Input material section start

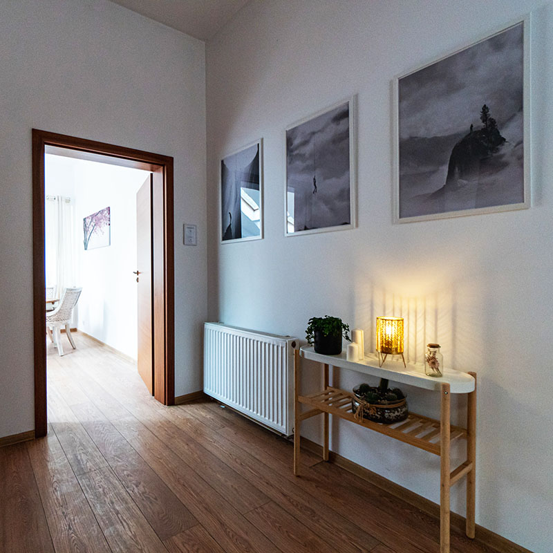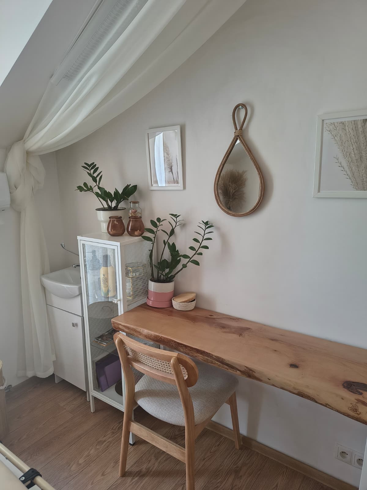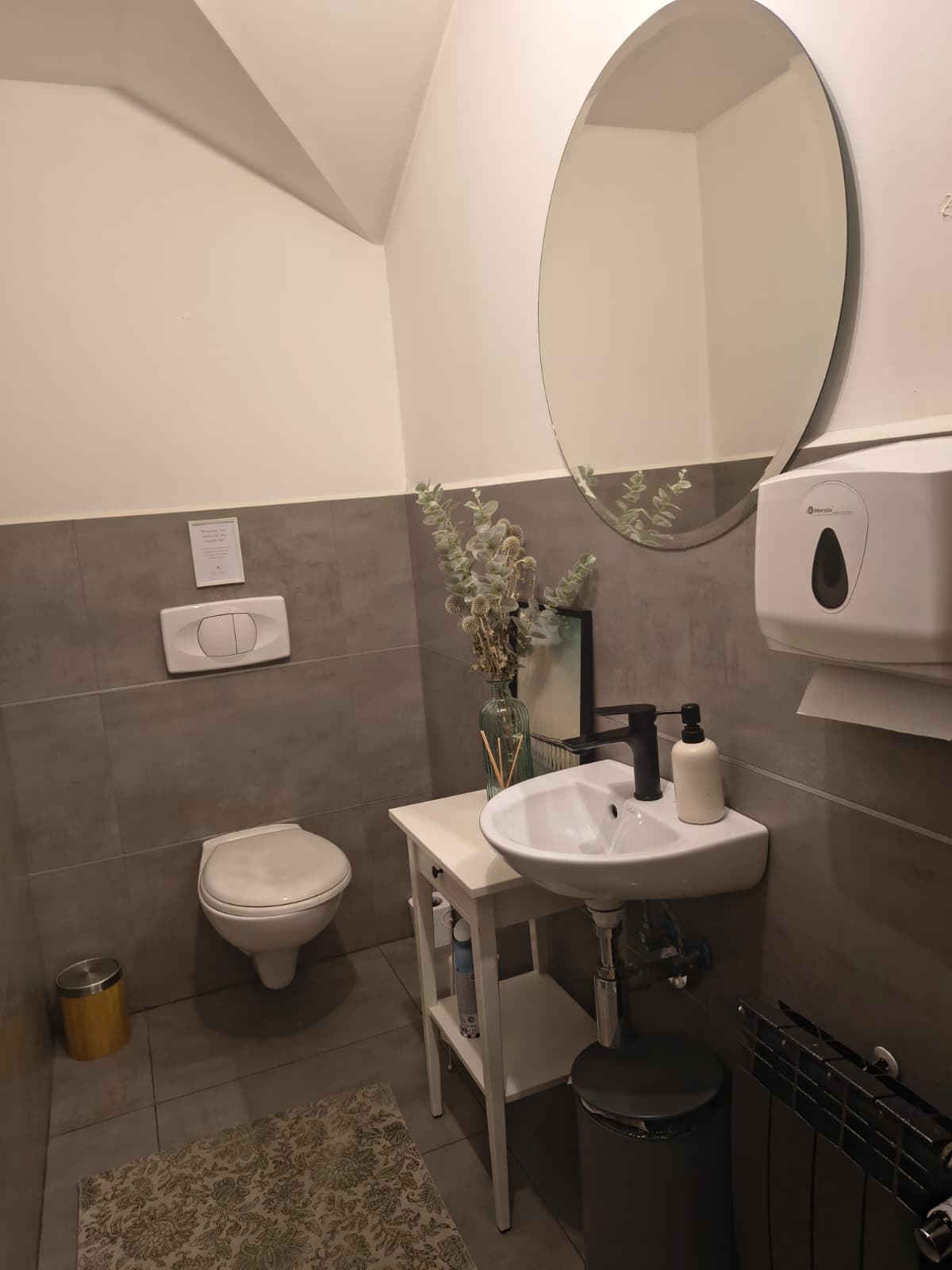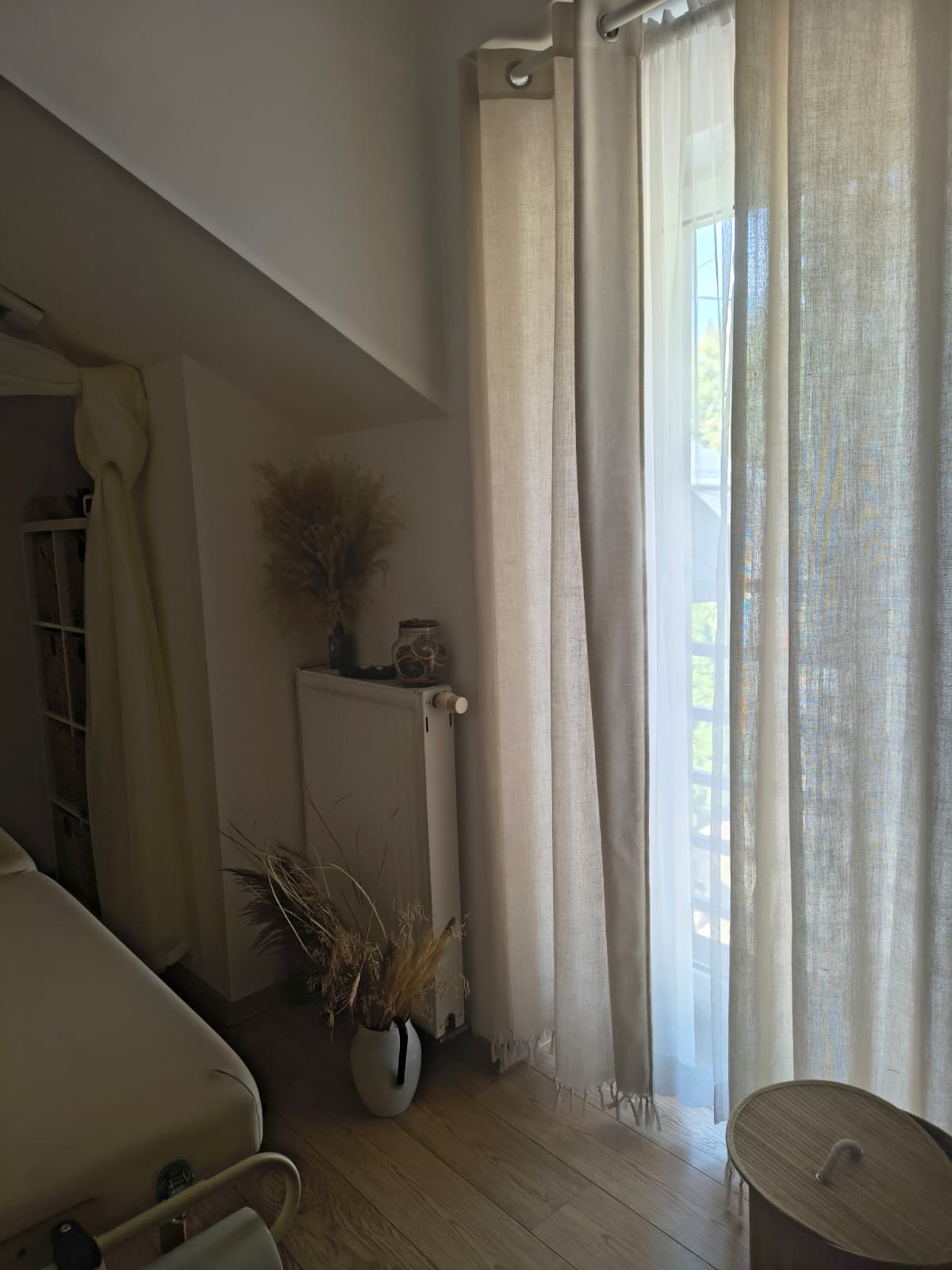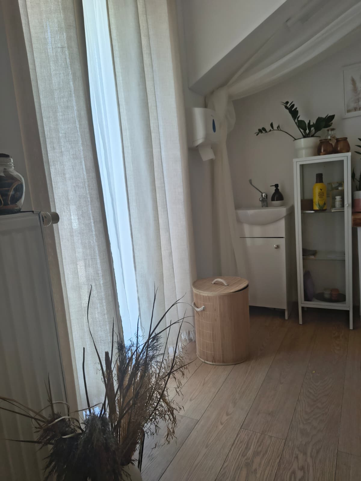 Gabinet posiada stół do masażu, umywalkę oraz stolik z krzesłem. Jest przystosowany do terapii ciała. (14 mkw).
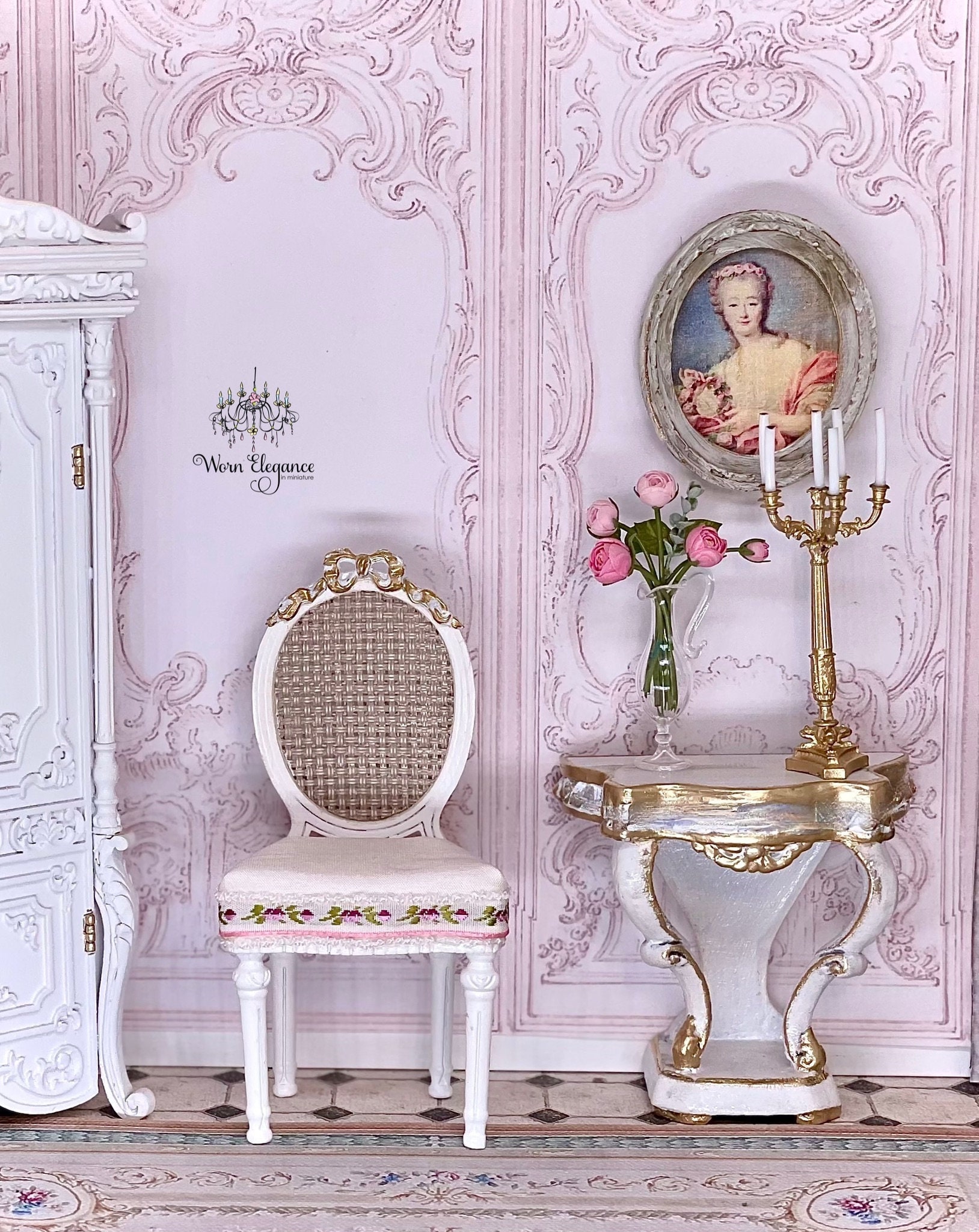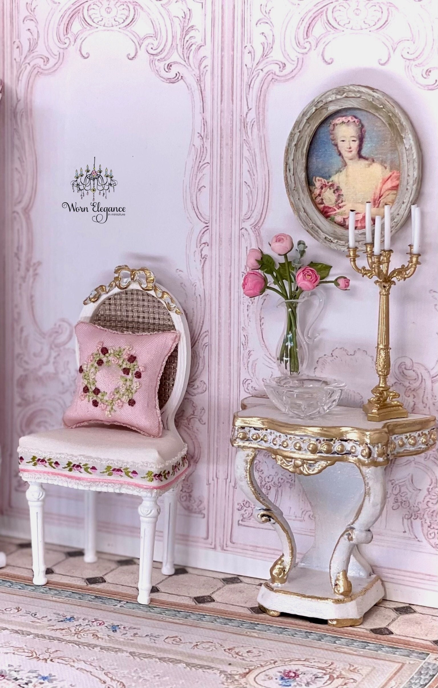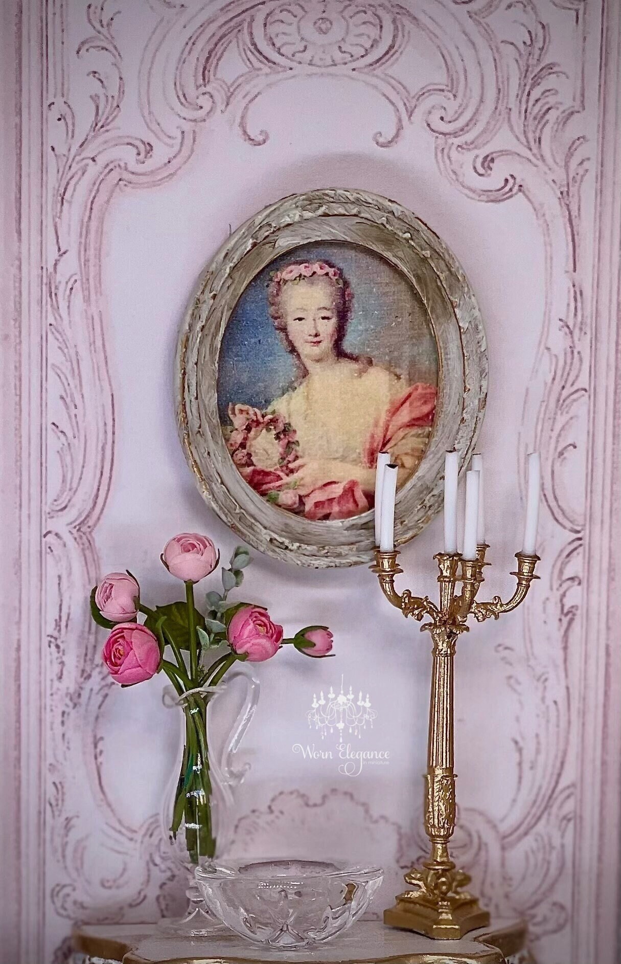 18th c. French Lady Portrait in Oval Frame, 1:12, Artisan Made- France, Dollhouse Miniature, Framed Portrait, Wall Art, OOAK, French decor
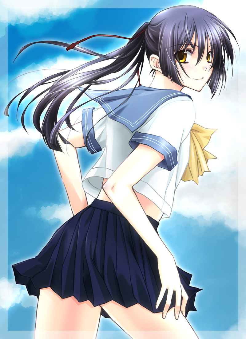 00s1boyblack hairbowcrossdressingcrossdressing (mtf)from behindlong hairlooking backmale focusponytailschool uniformserafukuskirtsmilesolotrapyellow eyes
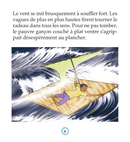 Le vent se mit brusquement à souffler fort. Les vagues de plus en plus hautes firent tourner le radeau dans tous les sens. Pour ne pas tomber, le pauvre garçon couché à plat ventre s’agrip- pait désespérément au plancher.
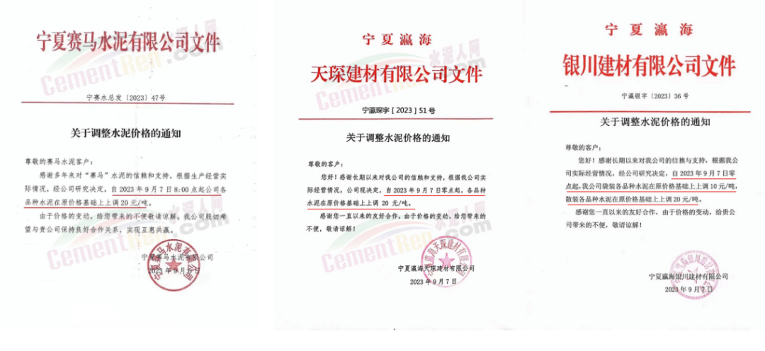 寧夏賽馬、瀛海天琛建材、瀛海銀川建材等企業(yè)上調(diào)水泥價格20元/噸
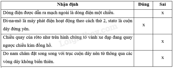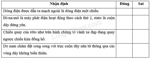 Nhận định nào sau đây là đúng hay sai về nguyên tắc hoạt động của đi-na-mô?
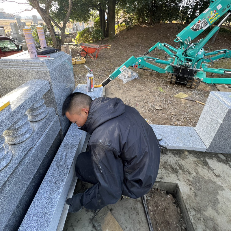 施工事例 2024.10.292026.01.19 sub_keyvisual_backpic_sekoujirei どんな現場でも、必ず対応します。 当社は、機械が使えないような現場でも、手作業ですべて対応可能です。 狭い場所なら人力で。そして広い場所であれば当社の機械を使って作業します。 ※施工事例を10件追加しました(2026年1月更新) お墓の施工03 墓地参道の暗渠・浸透枡・排水工事 狭い場所へ機械や石材を運ぶ様子 お墓の施工02 寺院の納骨堂 お墓の基礎工事 寺院 墓じまい 納骨堂の施工02 墓地の改修工事02 お墓の施工01 鳥居の施工+大材の移動 納骨堂の施工 墓地の改修工事01 お寺の寺表取り付け作業 墓地の基礎解体工事
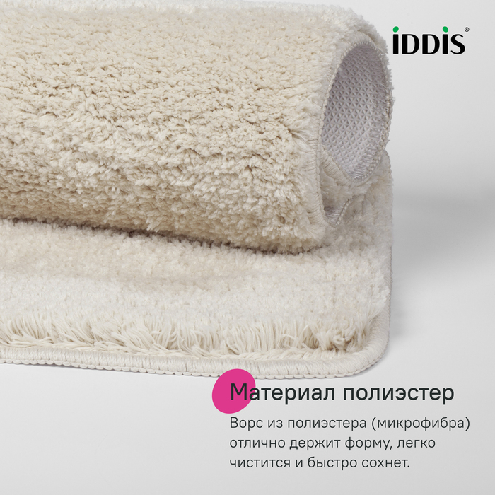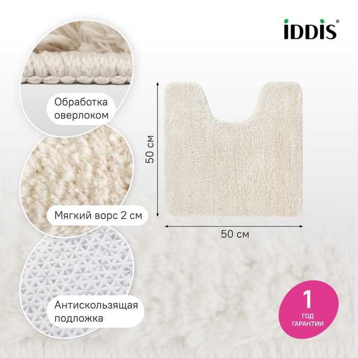Коврик для ванной комнаты с вырезом, 50х50, микрофибра, бежевый, IDDIS, BTLT01Mi12 Мягкий коврик для ванной теплого бежевого цвета с плотным высоким ворсом (2 см), очень приятный на ощупь. Стриженый ворс из микрофибры отлично держит форму, легко чистится и быстро сохнет. Коврик имеет вырез под унитаз и предназначен для туалета.
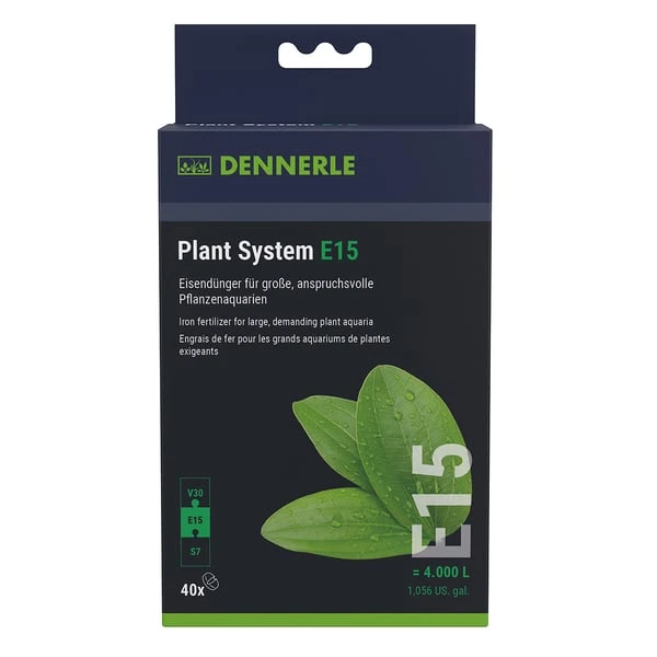 Mit steigender Aquariengröße erhöht sich auch die Menge und Größe der Pflanzen. Aus diesem Grund haben wir unser Plant System entwickelt, ein System mit hochkonzentrierten Komponenten. Die Komponenten Plant System V30 (Volldünger), <Plant System S7 (Vitalstoffe) und Plant System E15 (Eisendünger) sind daher auf die Bedürfnisse von großen Aquarien ausgelegt. Es werden so alle Makro- und Mikronährstoffe und Spurenelemente abgedeckt. Plant System E15 versorgt alle Aquarienpflanzen mit sofort wirksamem, 2-wertigem Nähreisen und sorgt so für frisches, prachtvolles Grün. Mangelsymptome wie gelbe, glasige Blätter werden weitestgehend geheilt, junge Blätter treiben wieder sattgrün. Eisen ist für alle Aquarienpflanzen von zentraler Bedeutung. Es wird für die Bildung des lebenswichtigen Blattgrüns benötigt. Ohne Blattgrün kann die Pflanze keine Photosynthese betreiben. Eisenmangel zeigt sich sofort: Die jungen Blätter erscheinen blass und gelblich (Eisenchlorose). Wichtig zu wissen: Pflanzen können nur sogenanntes 2-wertiges Eisen aufnehmen. Dieses ist leider im Aquarium nicht stabil, sondern wird schnell oxidiert und dadurch zu unwirksamem 3-wertigen, „braunen“ Eisen umgewandelt. Leitungswasser enthält praktisch kein Eisen. Aquarienpflanzen sind deshalb auf regelmäßige Eisendüngung angewiesen. Spezielle Schutzhüllen – sogenannte Chelate – schützen das E15-Eisen wirksam und halten es im Aquarium lange pflanzenverfügbar (Depotwirkung). E15 ist phosphat- und nitratfrei und deshalb nicht algenfördernd.
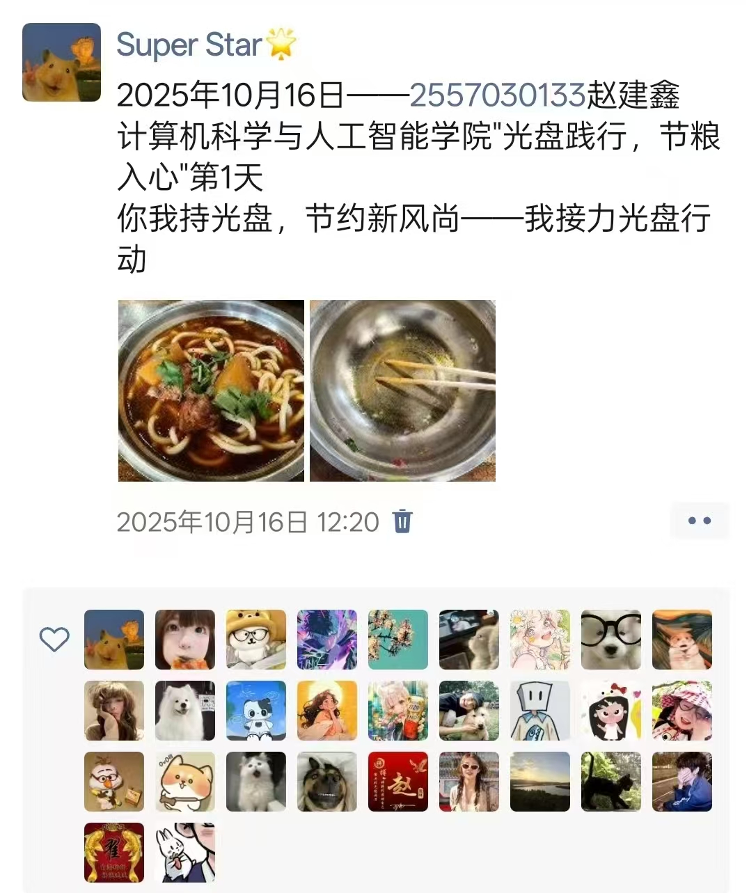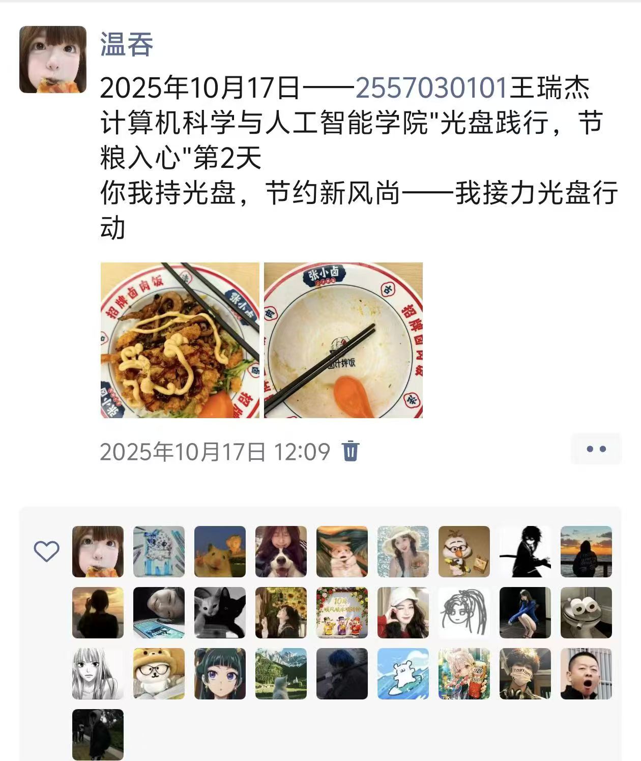 活动期间,同学们每日在朋友圈按规定格式分享“光盘”照片,主动践行“光盘行动”,传递“拒绝舌尖上的浪费”的绿色理念。大家在参与中深刻体会到“一粒米,一滴汗,粒粒粮食汗珠换”的来之不易,让“粮食节约,人人有责”的意识植根心中。
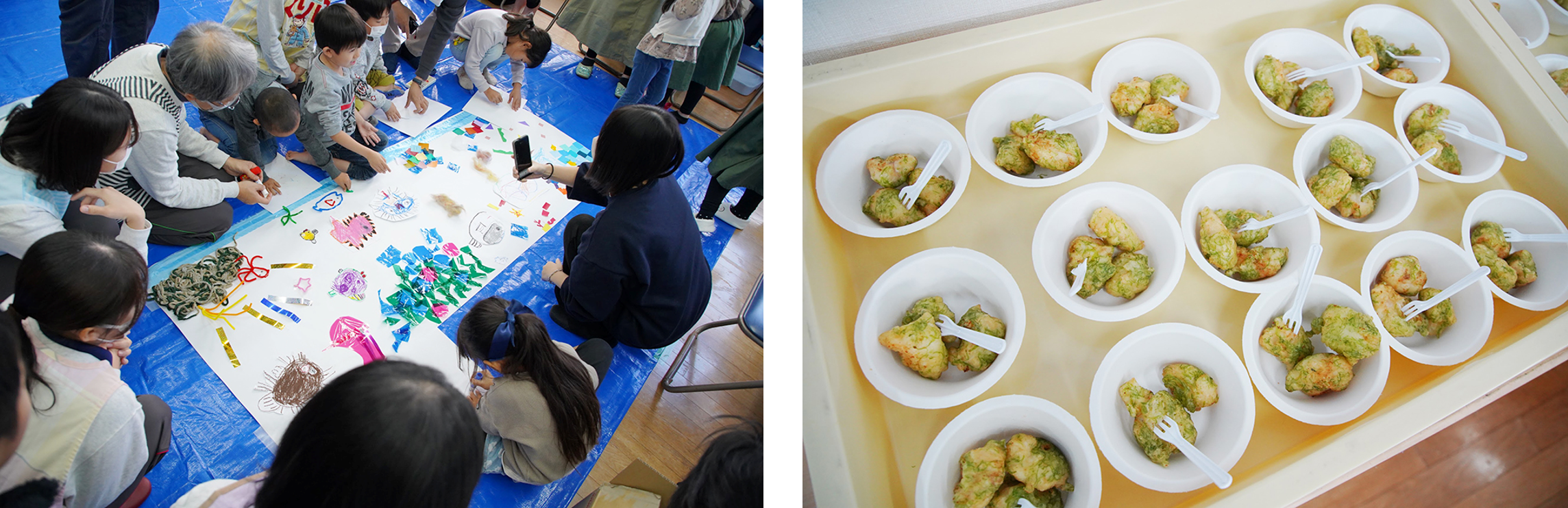 また多くの保護者やご家族の皆さんにもご参加いただき、和やかな雰囲気の中で楽しく総合的な学びを提供することができました。最後に「フクフリット」の試食。フクフリットは下関沿岸の天然塩とアオサを原料に使い、ふわっと海の香りが口の中いっぱいに広がります。参加者全員が思わず笑顔になる美味しさでイベントが幕を閉じました。

Input material section end

● **Task to carry out**
The answer must be the lines above, word for word, from the first one through the line with "18th c. French", pictures excluded.

● **Task result**
 Gabinet posiada stół do masażu, umywalkę oraz stolik z krzesłem. Jest przystosowany do terapii ciała. (14 mkw).
 18th c. French Lady Portrait in Oval Frame, 1:12, Artisan Made- France, Dollhouse Miniature, Framed Portrait, Wall Art, OOAK, French decor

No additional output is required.